Fix: Try to reduce the list of essential URLs and pages from this overview. If you do find important URLs here, check when they were crawled. If an URL has enough internal links to be indexed, but it’s still not, try to improve the page with more fresh content. If, for any reason, you decide to remove the page, make sure you use the URL removal requests tool.
Discovered – currently not indexed
Google found a page on the site, but it hadn’t been crawled yet. You have a poor internal link structure. Typically Google wanted to crawl that URL, but it was considered that this would overload their servers, so they rescheduled their next crawl for when there’s room (or more ‘crawl budget’) to avoid overloading the process. This is why you won’t see any data from the last crawls.
Fix: Too many URLs and not enough crawl budget, Google might not be spending as much time on it.

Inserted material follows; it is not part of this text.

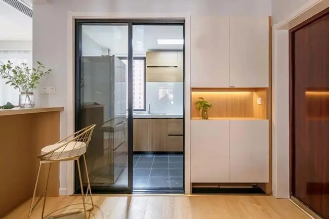 小户型的嵌入式柜体可以利用垭口、门洞,不仅避免了垭口门洞直接裸露出来的视觉突兀感,还让鸡肋空间可以更好地利用起来。把入户柜做成嵌入式,减少柜体的占地面积,在玄关这个小空间里特别实用。而且由于嵌入式设计带来的立面平整感,即便做的是整墙入户柜,在视觉上也会显得轻盈不压抑,高级又大气。

Your website either doesn’t have the authority or has pages with high load time, or is often unavailable – all reasons that will make the crawl process more difficult. Again, try to improve your internal link structure. You can expect a bigger crawl budget over time.

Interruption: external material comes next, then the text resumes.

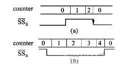 對從模式(MSTR=0),在沒有數(shù)據(jù)傳送的時候,SS高電平表示從器件未被選中,從器件不工作,MISO輸出高阻;在數(shù)據(jù)傳輸過程中,片選信號SS必須接低電平,且SS不允許跳變。如果SS從低電平跳到高電平,在SS的上跳沿,SPI模塊也將檢測到模式錯誤,清空內(nèi)部計數(shù)器counter,并結(jié)束正在進行的數(shù)據(jù)傳輸。直到SS恢復為低電平,重新使SPEN=1時,才重新開始工作,如圖6(b)所示。

Alternate page with proper canonical tag
This page is a duplicate of the original, canonical version. A canonical tag is a signal to the search engines that can help them prioritise and consolidate all of your links. A common example are pagination URLs, eg: mywebsite.com/category/page-1, /page-2, etc.
Fix: Change the canonical to self-referencing if these pages shouldn’t be canonicalised. Suppose you see an increased amount of pages in this overview more than the increase in indexable pages. In that case, you could potentially be dealing with poor internal link structure or crawl budget issues. To check if you have crawl budget issues, you can perform a server log files analysis. It’s not that easy to understand the details in the server log files and get them – you should search for expert help.
Duplicate without user-selected canonical
It seems that there are duplicate pages for this topic. The copy you’re looking at is not the canonical one, and we believe Google has chosen a different page to be authentic. If you inspect Google’s search results, it will show what they have deemed as most accurate.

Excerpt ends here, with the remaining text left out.